The question of the discretion of the prosecution in a criminal case as to what witnesses they should call has been considered by this Court many times, the earliest reported case being *Abdullah v. Rex.* (1936) 3 E. A. C. A. 51, but it is not now necessary to go further back than the case of Ade! Muhammed v. A.-G. for *Palestine*, (1944) A. C. 156 at p. 167, which was followed and applied by this Court in Ibrahim s/o Ludomia v. Reg., (1953) 20 E. A. C. A. 185. We deem it unnecessary to restate the rule laid down by their Lordships of the Judicial Committee in Adel Muhammed's case and it will suffice to say that their Lordships state: "The Court will not interfere with the exercise of that discretion, unless, perhaps, it may be shown that the prosecutor has been influenced by some oblique motive".

At p. 169 of the report their Lordships further say: —

$\mathcal{L}^{\prime}$

"It is consistent with the discretion of counsel for the prosecutor, which is thus recognized, that it should be a general practice of prosecuting counsel. if they find no sufficient reason to the contrary, to tender such witnesses for cross-examination by the defence, and this practice has probably become even more general in recent years, and rightly so, but it remains a matter for the discretion of the prosecutor."

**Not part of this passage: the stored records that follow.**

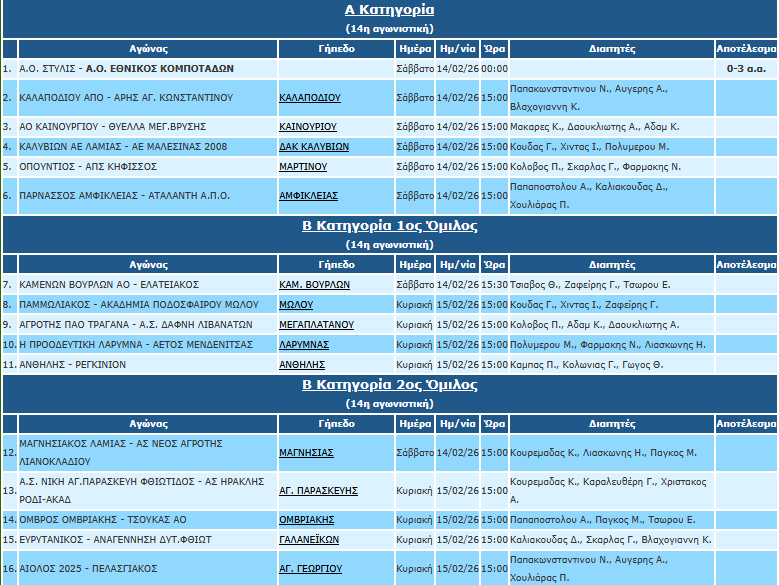 Η ΕΠΣ Φθιώτιδας αναοίνωσε τους διαιτητές του Σαββατοκύριακου (14-15/2) σε Α’ και Β’ κατηγορία.
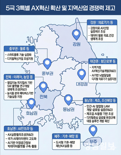 Á¤ºÎ°¡ ³»³â È£³²±Ç¡¤´ë°æ±Ç¡¤µ¿³²±Ç¡¤ÀüºÏ µî 4°³ ±Ç¿ª¿¡¼ ÃÑ 3Á¶1000¾ï¿ø ±Ô¸ðÀÇ ÀΰøÁö´É(AI) Àüȯ(AX) ÇÁ·ÎÁ§Æ®¸¦ º»°Ý ÃßÁøÇÑ´Ù.
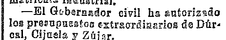 13 de diciembre de 1911. Presupuestos de Dúrcal
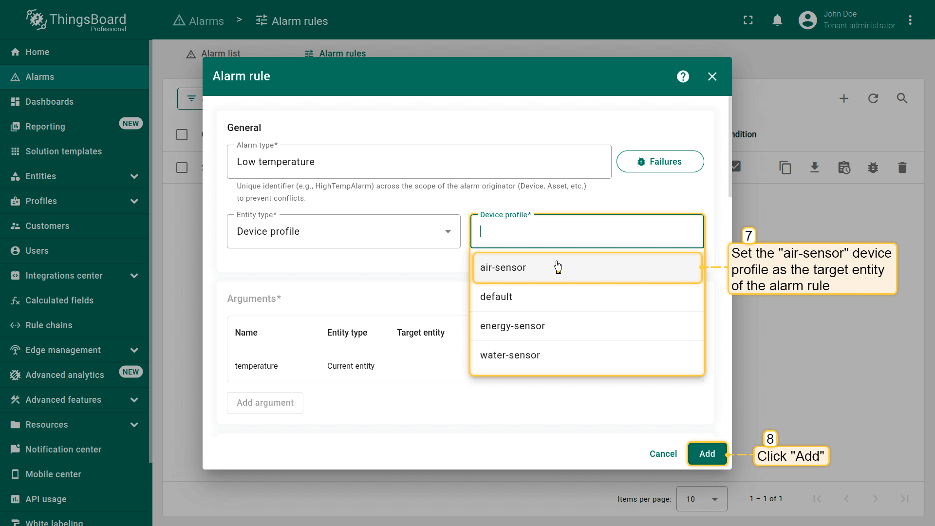 Make sure to set the “air-sensor” device profile as the target entity of the alarm rule.
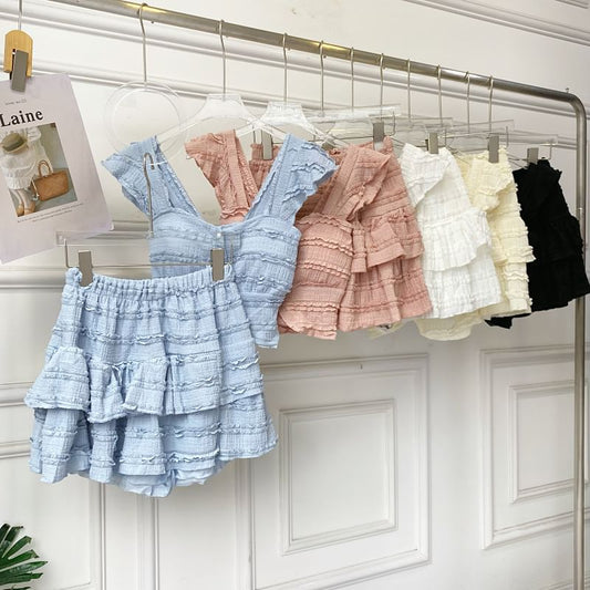 Set: Schlichtes kurzes Camisole-Top aus Spitze + gestufter Minirock in A-Linie mit elastischer Taille
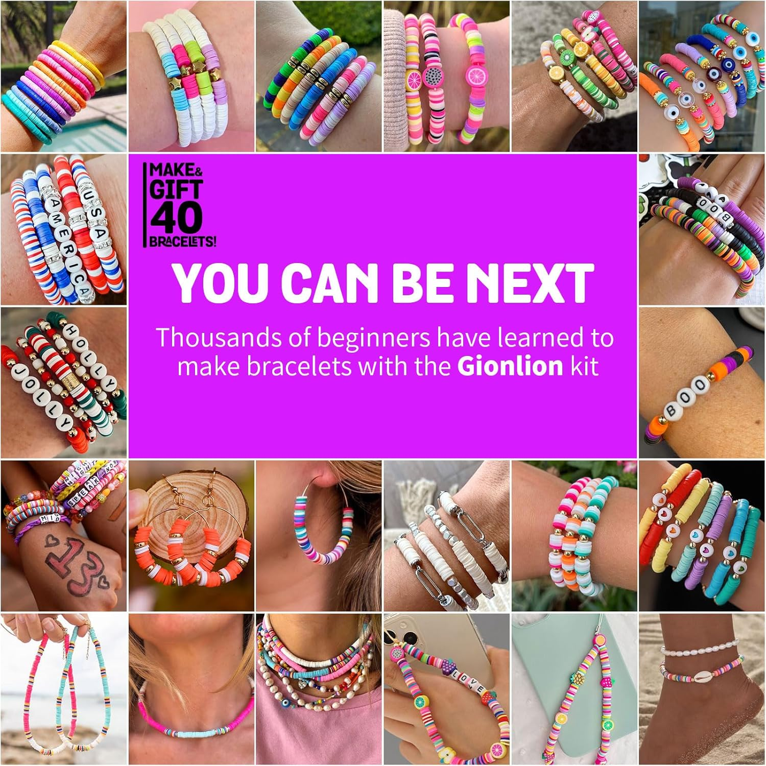 【All You Need Include】The clay beads kit includes 4740 pcs flat polymer clay beads, 460 pcs charms kit( contains A-Z letter beads, number beads,colorful heart beads,evil eye beads,shells, pendants, jump rings, lobster clasp, etc.) and beading tools (1 roll of 10 meters elastic strings,a scissor and a tweezer) . We prepare all you need for bracelet or jewelry making. 【Beginner Friendly Beads Kit】We've prepared instructions and videos tutorials to teach you step by step from bead stringing, tie knots to make bracelets, earrings, jewelry and more friendship bracelet making ideas. Whether you are a beginner or experienced jewelry lover, we hope to give you a relaxed and pleasantly experience. 【Perfect Friendship Bracelet Making Kit】Singer Inspired Friendship Bracelet making kit for Gifts As The Music Fans Of Singer. Spelled-out names, words, lyrics, album titles or phrases on the friendship bracelets and take to the concert or movies together. 【Kids Friendly Materials】The beads are made of healthy and environmentally friendly materials, light and durable, comfortable to the wear, not easy to fade, waterproof, and can be worn when bathing or swimming.The clay beads for bracelet is 6mm in diameter, 2mm in hole and 1mm in thickness. Recommended for kids ages 6+. 【Not Only Bracelet Making Kit】With thousands of clay beads and variety of charms accessories, endless crafts possibility is waiting for you. The clay beads for bracelets kit is perfect for making bracelet,neckace,earrings,anklet,key chains,phone chains etc. so make the friendship bracelet, take the moment and taste it. 【Ideal Gift Choice】Clay beads bracelet making kit is a great gift to help unleash creativity and improve hand flexibity, it will be a meaningful and fun gift for kids, teen girls, friends and yourself on birthdays, Valentine's Day, Mother's Day, Christmas, Thanksgiving, and more! Replacement or refund for any unsatisfied shopping experience. Product Description The video showcases the product in use. The video guides you through product setup. The video compares multiple products. The video shows the product being unpacked. videos tutorials Merchant Video 1 FRIENDSHIP BRACELET IDEAS 2 PREPPY BRACELET IDEAS 3 FESTIVAL BRACELET IDEAS 4 MORE JEWELRY KIT IDEAS

We think that in the circumstances of this case where corroboration of the complainant's evidence was all important that it is rather surprising that the

prosecution chose not to call or offer for cross-examination. Wanyoike whose deposition was on the file and who might have been expected to confirm Muli's evidence. However, it was a matter within the discretion of counsel conducting the prosecution and there are no grounds for any suggestion that the prosecutor was influenced by any oblique motive. No such suggestion has been made in the present case.

As to the proper direction where neither side elects to call a possible witness we think it may be helpful to advert to the judgment of the Court of Criminal Appeal in R. v. Bryant and Dickson, (1946) 31 C. A. R. 146 at pp. 152-3 where the Court indicated that a satisfactory direction would be in some such words as $these:$

"X is absent and it is not very satisfactory that he is not here; the prosecution could have called him, and have not done so, perhaps for very good reasons. The defence might have called him or not, as they liked."

We see no substantial difference between that and the direction complained of in the present case which in our view was unexceptionable.

Before leaving this aspect of the appeal we wish to refer to a passage in the judgment of this Court in Rex v. Katambo, (1938) 5 E. A. C. A. 141 at p. 142. It is there said: "There may be cases in which a Judge might think it a matter of justice to interfere and direct that such a witness should be called by the Crown". It seems doubtful, in view of what is said as to the discretion of the prosecutor in *Adel Muhammed's case*, whether the Court can direct the prosecutor to call a particular witness. However, that may be it would seem unnecessary to do so in Kenya since by section 150 of the Criminal Procedure Code the Judge is empowered himself to call any person as a witness and any person so called may be cross-examined by the prosecution or by the defence and this practice would seem to be more in accord with what Baron Alderson stated to be the only sensible rule, namely that ordinarily witnesses should be called by the party who wants their evidence.

The other points raised in the argument by Mr. Dinshaw were of no substance; we indicated our opinion on them during the course of the argument and do not propose to refer to them again here.